Она знала, что он имел в виду. Ее мать была Весной. Той самой, что каждый год умирала, уходя в небытие, чтобы дать место зиме. Отец ненавидел эту часть в ней – ту, что досталась от матери. Спящий зародыш жизни.
– Я выполню задание, Отец, – сказала Снежина. – Всегда выполняю.
– Только вернись чистой, – прошептал ветер, источая боль, древнюю и дикую, пропитанную сединой страдания. – Не позволяй теплу оставить на себе след.
– Я останусь незапятнанной, – промолвила она еле слышно.
Между ее словами промелькнула тень другой фразы, едва различимая, как легкая рябь на глади уверенности: «Насколько это возможно».
Осколок Сердца Стужи дернулся в руке. Огонек вспыхнул ярче. Она приближалась к цели. Дом кузнеца располагался в отдалении от деревни. Там, где лес сдавался полю. Но оно это было странным. Снег здесь лежал не ровным одеялом, а бугрился, вздымался маленькими холмиками, будто что-то под ним пыталось пробиться наружу.
Она обошла Цветы, ступая так, чтобы не задеть. Их свет вызывал у дочери Стуженя глухое отвращение, похожее на то, что человек может испытывать к паутине на лице. Но когда она подошла к покосившейся калитке, то увидела, что прутья дерева, старые и потемневшие, покрыты не инеем, а… влажным, живым мхом. Изумрудным, бархатистым. Он пульсировал. Слабый, теплый, настойчивый ритм, как сердцебиение спящего зверя. А на покосившемся заборе вился живой плющ – темно-зеленый, сочный, с ягодами красными, как капли крови. В январе.
Снежина нахмурилась. Ее белые глаза сузились. Она протянула руку, чтобы дотронуться до калитки. Это первый ритуал – покрыть вход инеем, обозначить территорию как место предстоящего сбора. Длинные, тонкие пальцы, с ногтями цвета лунного света, почти коснулись дерева. И резко дернулись.
От ворот ударила волна… не совсем тепла, а скорее, давления жизни. Память о тепле. Запах смолы, нагретой июльским солнцем. Шероховатость коры под ладонью ребенка. Гул пчел в цветущих липах. Это была не атака, а… приветствие.
Древесина узнавала в ней часть природы, но часть чудовищно искаженную, и пыталась исцелить, напомнить. Ощущение, точно она сунула руку в воду, кишащую мелкой рыбешкой, где каждая рыбка – это всплеск роста, деления клеток, распускания почек. Ее кожа, всегда идеально гладкая, покрылась рябью и мурашками.
Она испытала боль. Острую, колющую, новую. Она возникла где-то позади груди, в месте, которое у людей называется душой, а у нее было лишь пустым вместилищем для воли отца. Снежина инстинктивно отдернула руку, и впервые за пятьсот лет дыхание ее замерло не от команды, а от шока.

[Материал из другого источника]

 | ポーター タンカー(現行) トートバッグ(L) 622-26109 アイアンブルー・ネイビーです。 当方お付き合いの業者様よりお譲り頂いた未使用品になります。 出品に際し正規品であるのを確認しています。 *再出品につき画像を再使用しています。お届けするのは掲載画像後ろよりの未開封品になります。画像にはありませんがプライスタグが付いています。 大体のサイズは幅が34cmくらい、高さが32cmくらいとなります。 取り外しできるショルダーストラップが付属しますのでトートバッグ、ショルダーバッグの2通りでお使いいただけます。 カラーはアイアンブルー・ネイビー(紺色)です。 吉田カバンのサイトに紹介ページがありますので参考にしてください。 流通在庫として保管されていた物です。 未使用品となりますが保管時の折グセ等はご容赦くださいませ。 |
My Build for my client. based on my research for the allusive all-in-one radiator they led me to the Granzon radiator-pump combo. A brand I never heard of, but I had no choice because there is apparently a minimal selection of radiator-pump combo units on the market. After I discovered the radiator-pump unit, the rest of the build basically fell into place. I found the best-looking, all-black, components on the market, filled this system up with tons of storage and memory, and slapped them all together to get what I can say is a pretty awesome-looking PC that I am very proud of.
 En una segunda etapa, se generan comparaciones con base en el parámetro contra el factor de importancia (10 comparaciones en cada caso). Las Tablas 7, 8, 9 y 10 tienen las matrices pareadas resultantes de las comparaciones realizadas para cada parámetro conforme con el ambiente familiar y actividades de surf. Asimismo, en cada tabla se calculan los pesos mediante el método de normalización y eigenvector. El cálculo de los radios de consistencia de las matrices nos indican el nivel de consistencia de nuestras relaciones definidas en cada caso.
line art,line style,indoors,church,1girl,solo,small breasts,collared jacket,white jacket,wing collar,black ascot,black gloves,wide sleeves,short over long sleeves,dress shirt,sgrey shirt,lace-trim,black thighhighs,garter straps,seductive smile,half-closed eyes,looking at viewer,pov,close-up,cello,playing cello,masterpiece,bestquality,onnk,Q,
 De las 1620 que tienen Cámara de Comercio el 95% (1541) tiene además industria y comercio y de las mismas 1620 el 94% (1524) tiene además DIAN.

Она подняла глаза к окну. И увидела хозяина дома. Он сидел за столом, склонившись над сломанным стулом. Не ковал, не работал с огнем – чинил старую деревяшку. Его руки – широкие, сильные, со шрамами и мозолями кузнеца – обхватили искалеченную ножку. Он не шевелился. Просто смотрел.
И под его пальцами дерево оживало. Клинок Зимы видела, как волокна древесины шевелились, переплетались и срастались. Как трещина затягивалась золотистой жилкой. Как сам стул вздыхал – тихо, по-деревянному, – и выпрямлялся.
Но лицо мужчины не выражало радости. На ем царила… печаль. Глубокая, укоренившаяся скорбь. Он смотрел на исцеленный стул, как люди глядят на могилу.
«Семя обладает исцелением и восстановлением, – заключил ее холодный и ясный рассудок. – Магия тихая, дремлющая. Угроза отсутствует. Он не опасен».
Но другая ее часть – та, что спала глубоко внутри, – едва заметно дрогнула.
Глава 2
Внезапно дверь в избе скрипнула и отворилась. На улицу вышел хозяин. Не в тулупе, а в простой рубахе, засученной по локоть, несмотря на мороз. Его дыхание не превращалось в пар, а висело перед теплым, золотистым облачком, в котором танцевали пылинки, напоминающие семена одуванчика.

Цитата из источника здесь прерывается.